Your objective: Pictures are to be left out, and only the lines from the one with "加入土雞蛋,讓蜂蜜蛋糕體味道" through the last line of the listing below are to be repeated exactly.

Data under study:
----------------------------------------
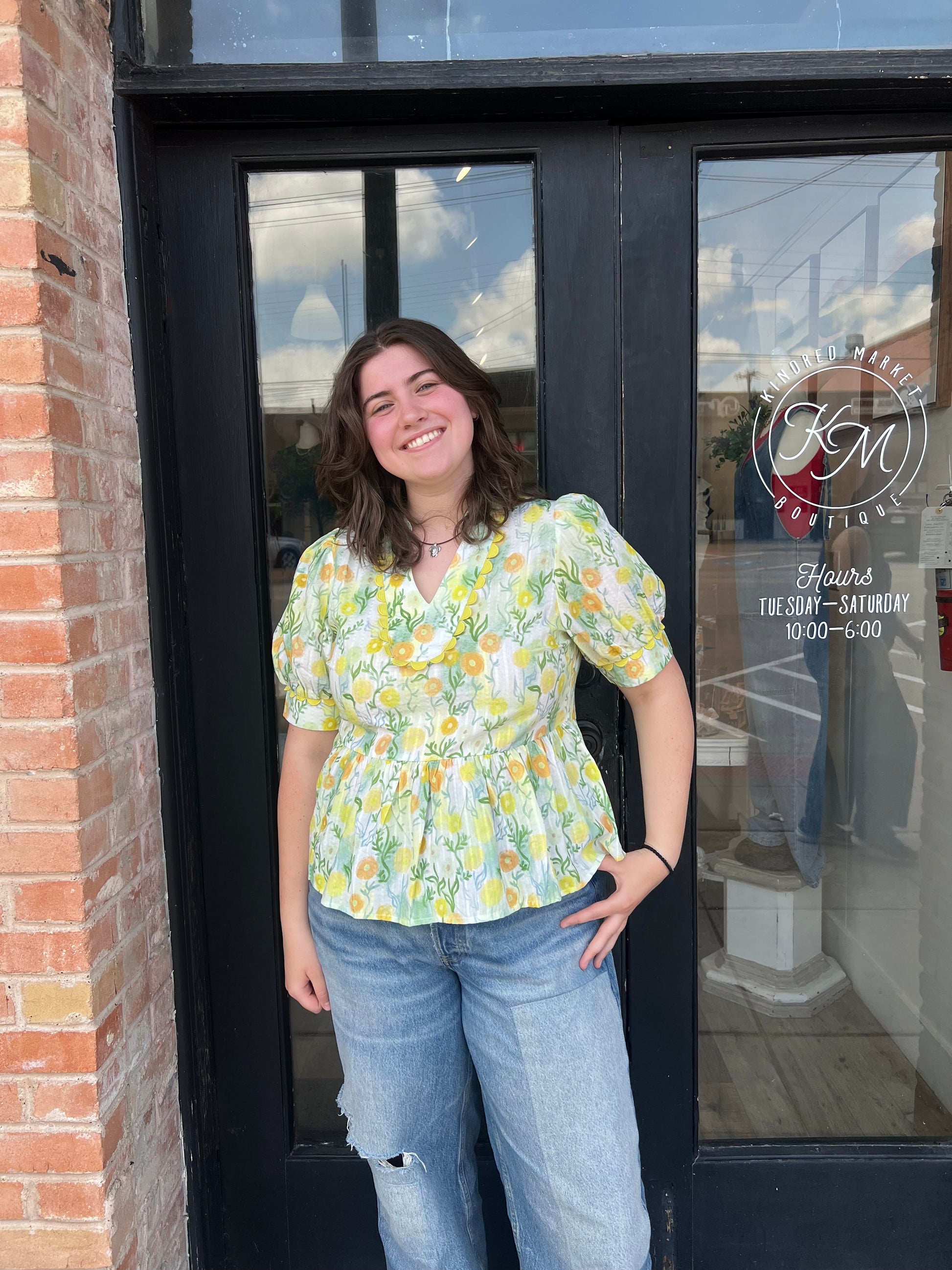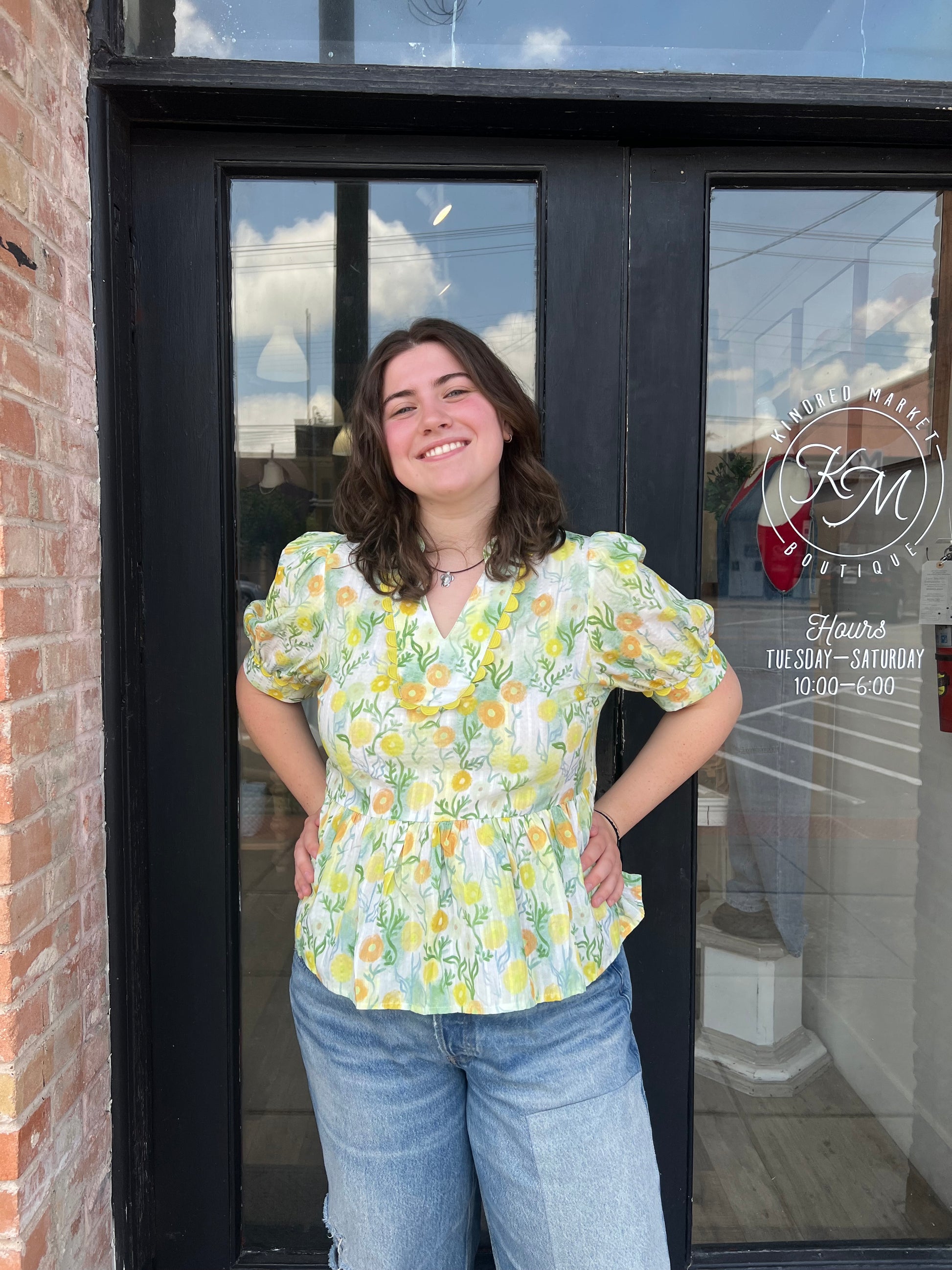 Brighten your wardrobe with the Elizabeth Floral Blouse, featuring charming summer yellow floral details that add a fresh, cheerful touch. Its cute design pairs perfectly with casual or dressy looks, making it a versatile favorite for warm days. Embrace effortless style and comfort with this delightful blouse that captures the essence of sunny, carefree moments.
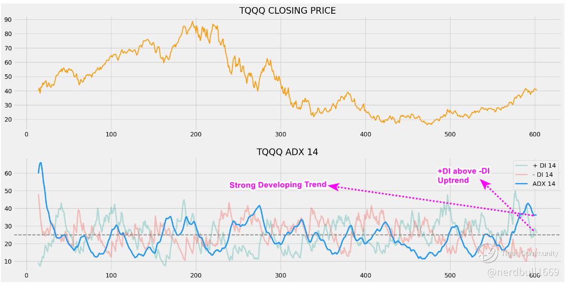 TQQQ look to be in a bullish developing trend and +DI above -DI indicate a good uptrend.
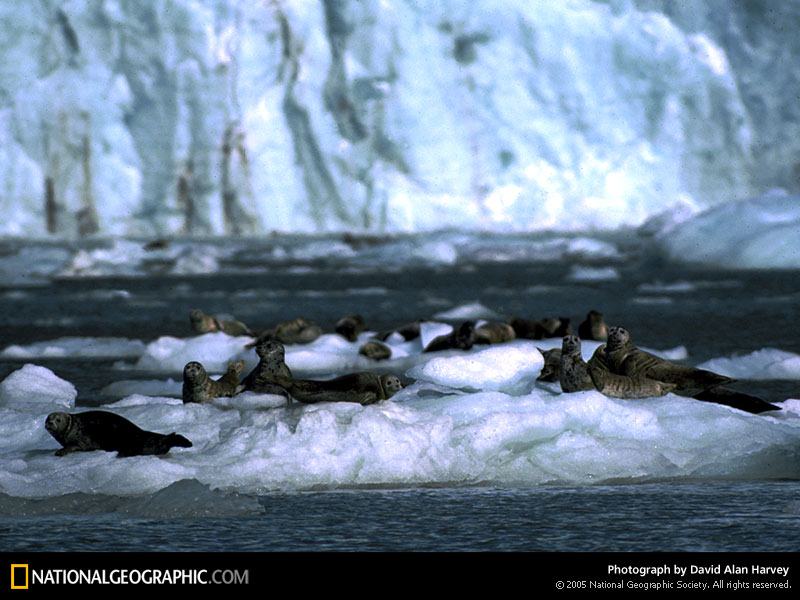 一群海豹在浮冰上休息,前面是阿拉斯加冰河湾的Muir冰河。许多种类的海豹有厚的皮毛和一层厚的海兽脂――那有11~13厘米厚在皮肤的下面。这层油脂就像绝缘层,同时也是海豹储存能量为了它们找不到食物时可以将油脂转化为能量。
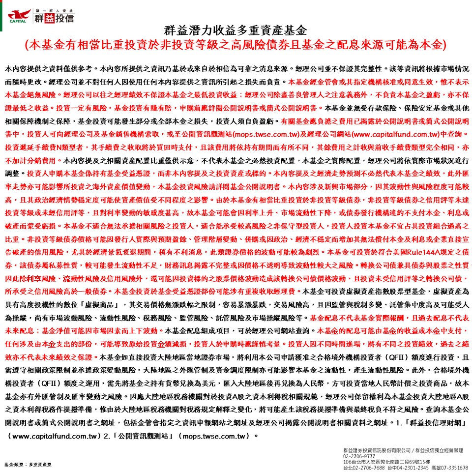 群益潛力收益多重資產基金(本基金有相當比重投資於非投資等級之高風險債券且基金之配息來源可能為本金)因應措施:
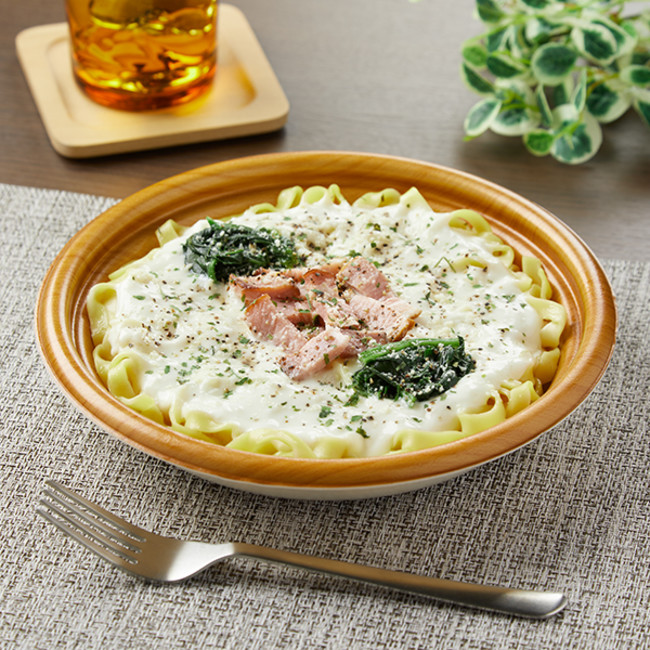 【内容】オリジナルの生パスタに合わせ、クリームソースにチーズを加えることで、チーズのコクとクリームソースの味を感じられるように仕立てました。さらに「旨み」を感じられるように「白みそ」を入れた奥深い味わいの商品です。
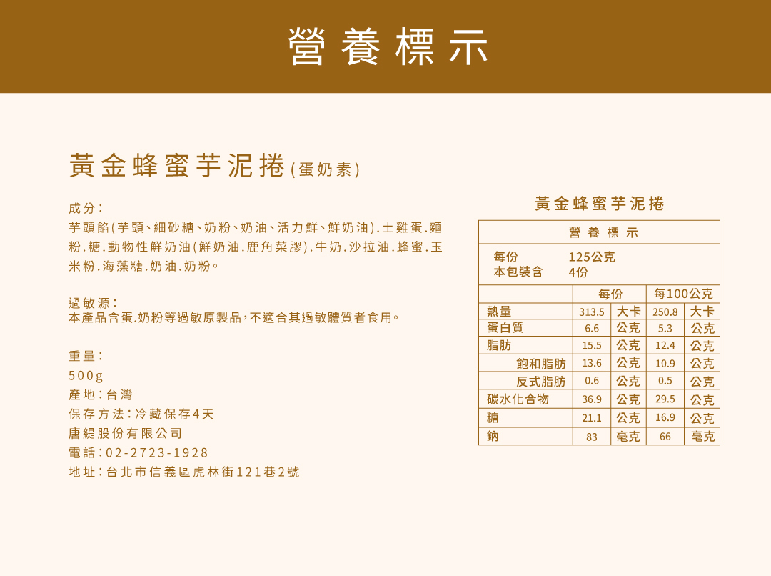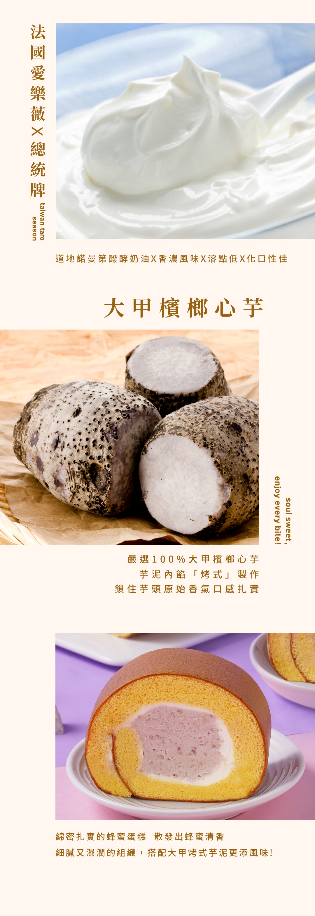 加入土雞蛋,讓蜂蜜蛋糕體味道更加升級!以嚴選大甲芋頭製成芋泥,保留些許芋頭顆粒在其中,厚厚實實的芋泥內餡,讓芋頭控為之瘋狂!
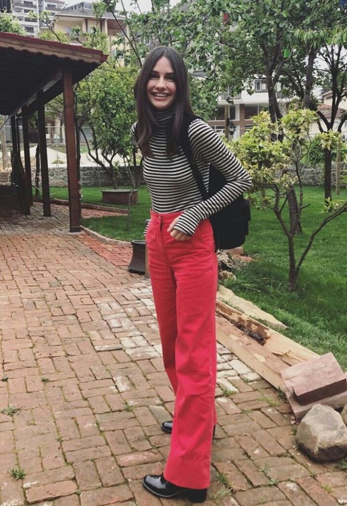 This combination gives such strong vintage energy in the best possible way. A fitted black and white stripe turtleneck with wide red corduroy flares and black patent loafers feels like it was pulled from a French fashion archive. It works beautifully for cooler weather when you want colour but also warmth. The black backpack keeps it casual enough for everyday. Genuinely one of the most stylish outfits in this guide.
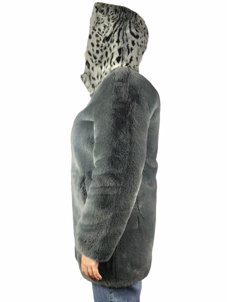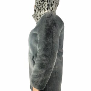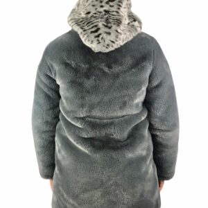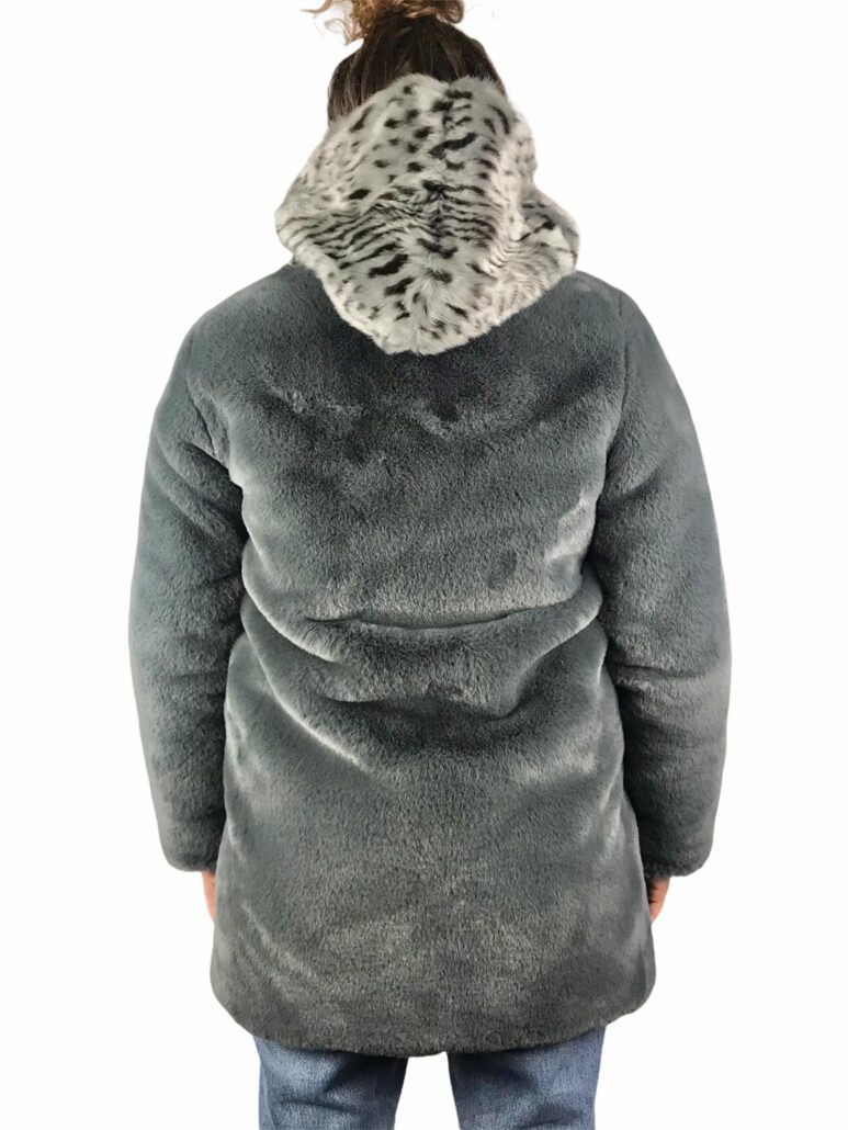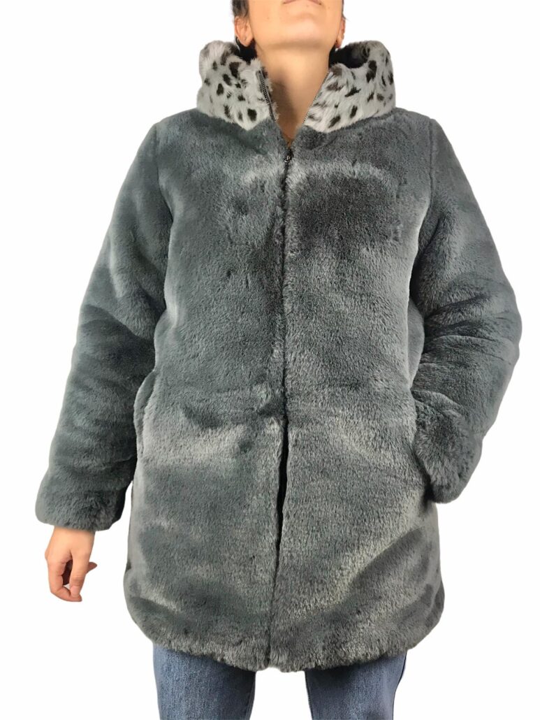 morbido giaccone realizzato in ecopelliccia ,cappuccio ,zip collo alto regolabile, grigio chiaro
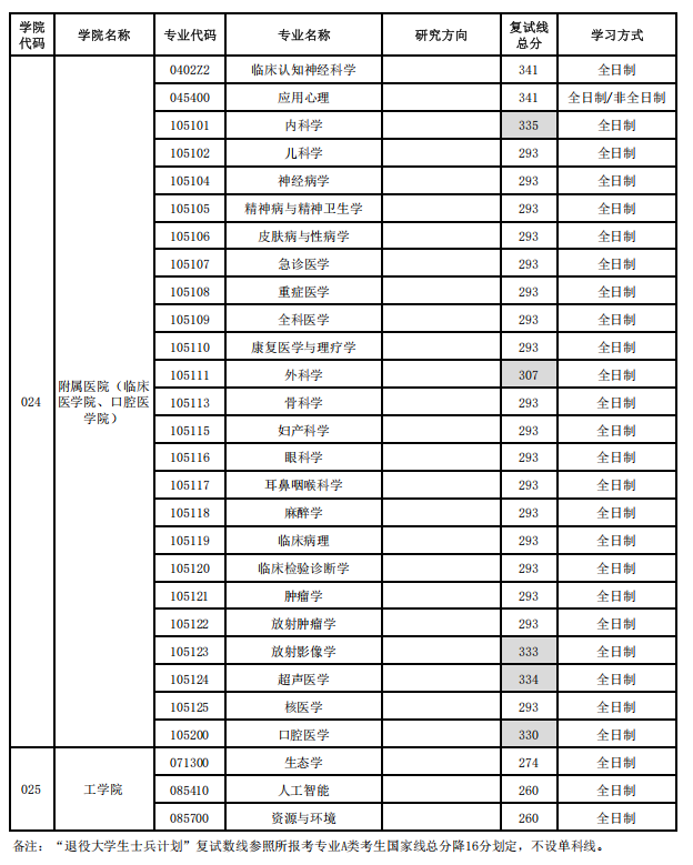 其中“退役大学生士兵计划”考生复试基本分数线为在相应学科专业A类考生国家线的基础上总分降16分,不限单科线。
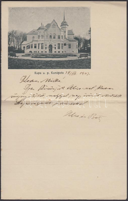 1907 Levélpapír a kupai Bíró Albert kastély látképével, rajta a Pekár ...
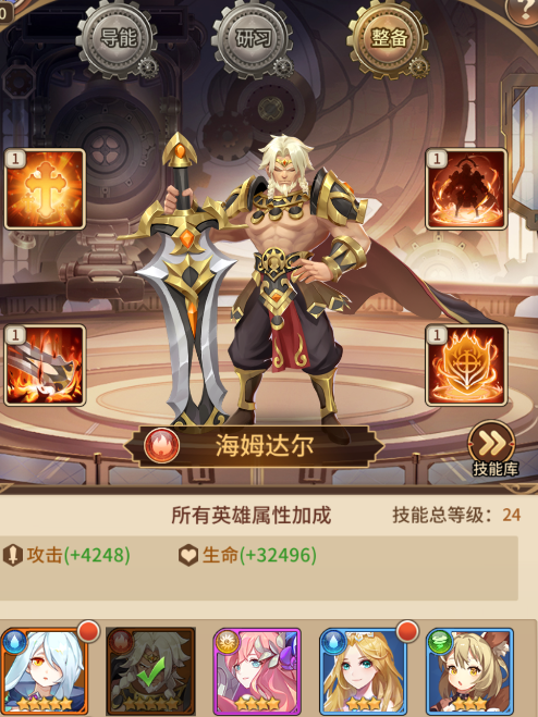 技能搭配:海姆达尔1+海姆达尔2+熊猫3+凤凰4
----------------------------------------
Answer for this exercise:
 加入土雞蛋,讓蜂蜜蛋糕體味道更加升級!以嚴選大甲芋頭製成芋泥,保留些許芋頭顆粒在其中,厚厚實實的芋泥內餡,讓芋頭控為之瘋狂!
 This combination gives such strong vintage energy in the best possible way. A fitted black and white stripe turtleneck with wide red corduroy flares and black patent loafers feels like it was pulled from a French fashion archive. It works beautifully for cooler weather when you want colour but also warmth. The black backpack keeps it casual enough for everyday. Genuinely one of the most stylish outfits in this guide.
 morbido giaccone realizzato in ecopelliccia ,cappuccio ,zip collo alto regolabile, grigio chiaro
 其中“退役大学生士兵计划”考生复试基本分数线为在相应学科专业A类考生国家线的基础上总分降16分,不限单科线。
 1907 Levélpapír a kupai Bíró Albert kastély látképével, rajta a Pekár ...
 技能搭配:海姆达尔1+海姆达尔2+熊猫3+凤凰4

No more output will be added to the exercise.